■ **Dataset section**
:::
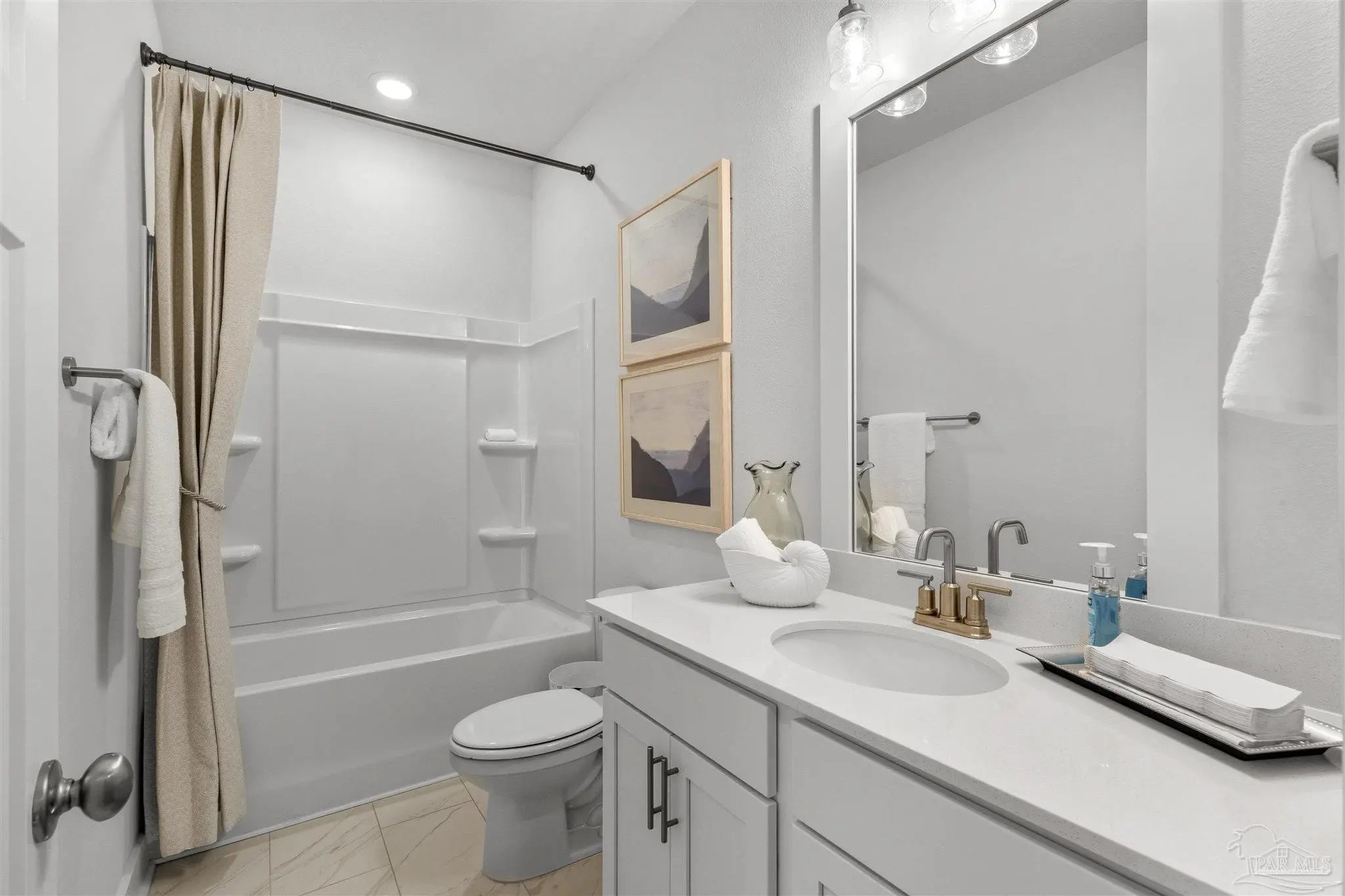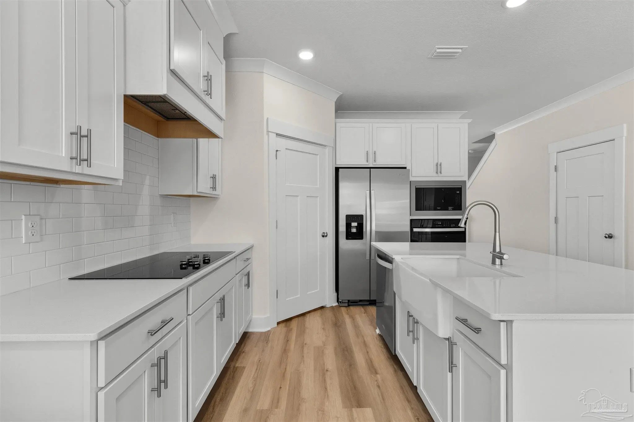 Welcome to 351 S F St! This thoughtfully designed two-story single-family home offers 3 bedrooms, 2.5 bathrooms, and stylish low maintenance living in the heart of downtown Pensacola. Step inside to soaring 9’ ceilings, signature lighting, and an open-concept layout with luxury vinyl plank flooring. The kitchen is a showstopper featuring quartz countertops, stainless steel appliances, a tile backsplash, and plenty of storage. Upstairs, the primary suite is your private retreat with a tiled walk-in shower with framed glass door, dual vanities, and brushed nickel fixtures. Two additional bedrooms and a full bath provide plenty of space for family, guests, or a home office. This home also includes a Smart Home Technology package for added convenience and peace of mind. Located in Stadium Way, you’re just steps from Blue Wahoos Stadium, Pensacola Bay, local parks, and all the dining, shopping, and entertainment options along Palafox. If you’re seeking downtown energy, modern finishes, and a home that blends function with style—the Casey Plan at Stadium Way is calling!
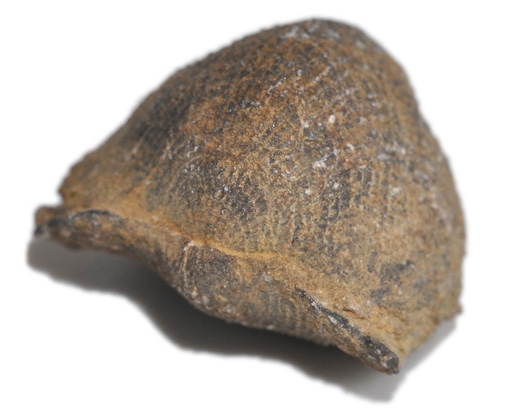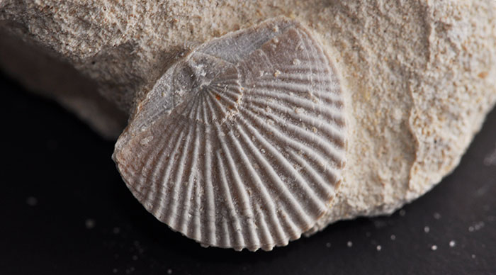 Voorbeeld van een brachiopode uit het boven-Krijt van België. De schelp is symetrisch, maar de twee schelphelften niet.
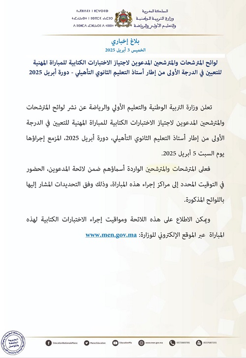 أعلنت وزارة التربية الوطنية والتعليم الأولي والرياضة نشرها لوائح المترشحات والمترشحين المدعوين لاجتياز الاختبارات الكتابية للمباراة المهنية للتعيين في الدرجة الأولى من إطار أستاذ التعليم الثانوي التأهيلي – دورة أبريل 2025.
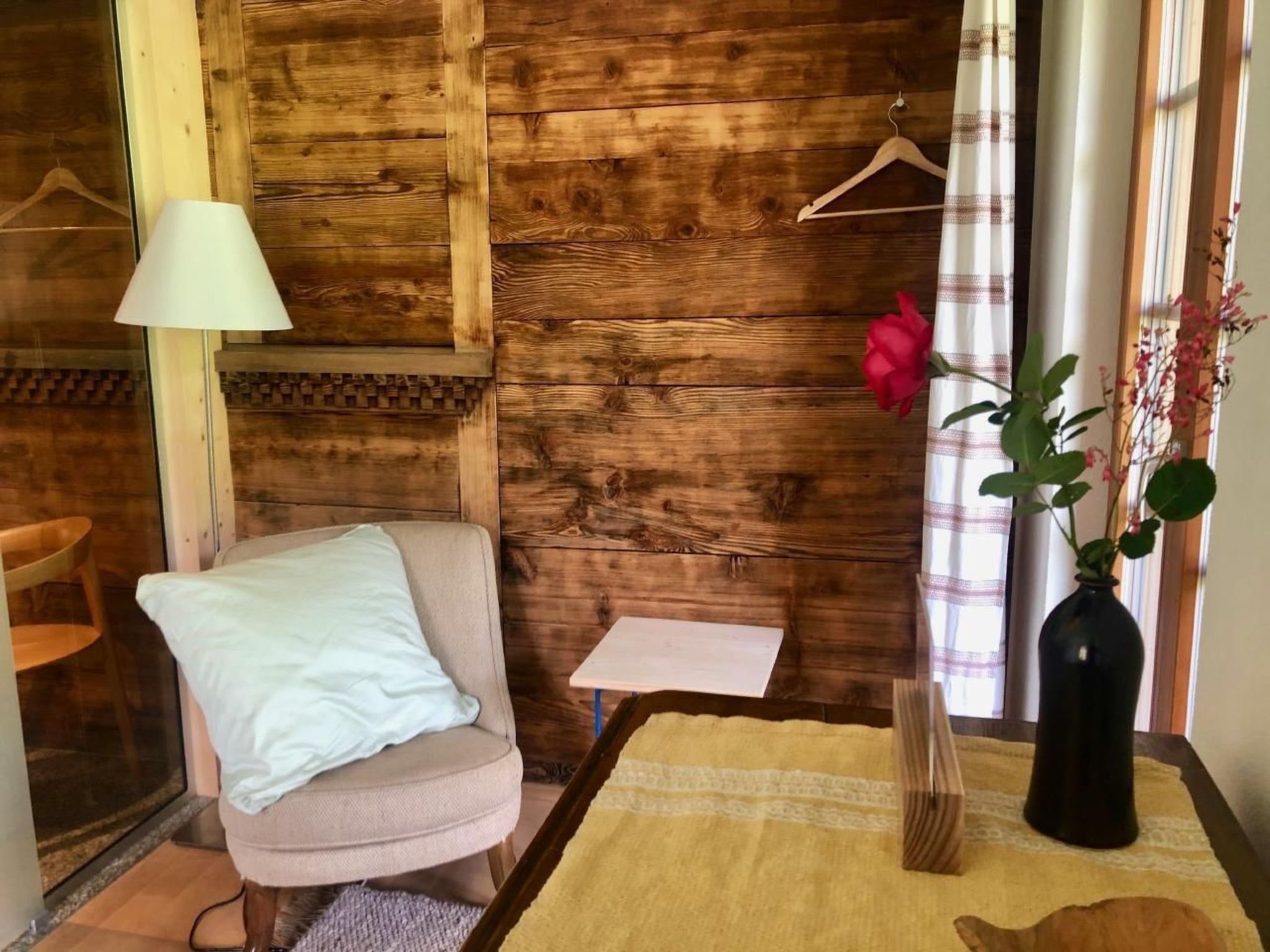 Sonstige Wohnzimmerausstattung (Wohnzimmer1): Das Wohnzimmer ist mit einem bequemen Sofas, 2 Sesseln, einem originellem Salontisch mit Schachbrett, einem Esstisch mit Eckbank, einem Sideboard, TV und einem Schwedenofen ausgestattet.
:::
■ **Prompt**
The reply has to reproduce every line above verbatim and contain no pictures.

■ **Your response**
 Welcome to 351 S F St! This thoughtfully designed two-story single-family home offers 3 bedrooms, 2.5 bathrooms, and stylish low maintenance living in the heart of downtown Pensacola. Step inside to soaring 9’ ceilings, signature lighting, and an open-concept layout with luxury vinyl plank flooring. The kitchen is a showstopper featuring quartz countertops, stainless steel appliances, a tile backsplash, and plenty of storage. Upstairs, the primary suite is your private retreat with a tiled walk-in shower with framed glass door, dual vanities, and brushed nickel fixtures. Two additional bedrooms and a full bath provide plenty of space for family, guests, or a home office. This home also includes a Smart Home Technology package for added convenience and peace of mind. Located in Stadium Way, you’re just steps from Blue Wahoos Stadium, Pensacola Bay, local parks, and all the dining, shopping, and entertainment options along Palafox. If you’re seeking downtown energy, modern finishes, and a home that blends function with style—the Casey Plan at Stadium Way is calling!
 Voorbeeld van een brachiopode uit het boven-Krijt van België. De schelp is symetrisch, maar de twee schelphelften niet.
 أعلنت وزارة التربية الوطنية والتعليم الأولي والرياضة نشرها لوائح المترشحات والمترشحين المدعوين لاجتياز الاختبارات الكتابية للمباراة المهنية للتعيين في الدرجة الأولى من إطار أستاذ التعليم الثانوي التأهيلي – دورة أبريل 2025.
 Sonstige Wohnzimmerausstattung (Wohnzimmer1): Das Wohnzimmer ist mit einem bequemen Sofas, 2 Sesseln, einem originellem Salontisch mit Schachbrett, einem Esstisch mit Eckbank, einem Sideboard, TV und einem Schwedenofen ausgestattet.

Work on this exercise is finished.